Top of the World
Author: Julian May
View album and artist detailsArtist/band: |
The Rheingans Sisters |
Label: |
bendigedig |
Magazine Review Date: |
November/2020 |
Receiver begins with a fiddle drone, as if this has been going on already and you have happened upon it. It captures your attention. Something, it suggests, is going to happen, but you must be patient. Almost an hour later the album ends with ‘Waltz from Lozère’, a gentle, lively melody. Its final banjo note is an inevitable end. Then you notice the almost imperceptible distant sounds of people, talking, perhaps in another room. Something has been completed – but something is continuing, too.

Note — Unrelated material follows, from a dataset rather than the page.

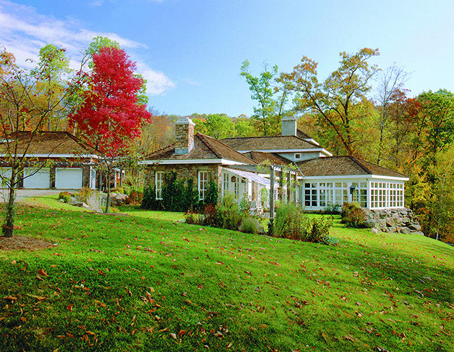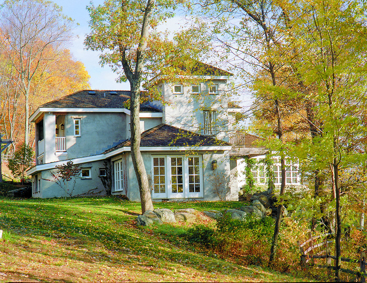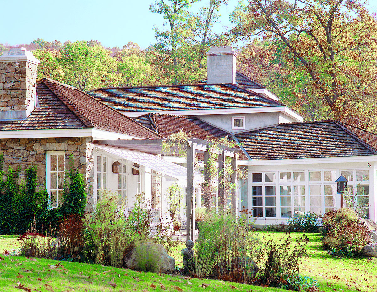Modeled after vernacular Italian farm structures, this free flowing stucco and cedar home is sited to take advantage of an adjacent stream and views of Lake Waramaug.

Between this non-beginning and non-end come motifs, musical sketches, ideas passed between siblings Rowan and Anna Rheingans, their fiddles, banjos and, in ‘Moustiques dans les Mûres’, the alto saxophone of guest musician Rachael Cohen. There are sparse, fragmentary lyrics. ‘Insomnia’ is the kind of ear-worm that would prevent sleep. ‘Urjen’ begins with a recording from 1935 of the Norwegian fiddle player Jørgen Tjønnstaul. The Rheingans Sisters join in, not as if accompanying him, but tentatively picking up the tune, learning through listening and waiting. Receiver is Scandi-noir, but tinged with joy and avant-garde trad. Of course, The Rheingans Sisters have created this entrancing, enigmatic music, but it sounds as if they have, through patient attention, received it, and are now delivering this gift to us.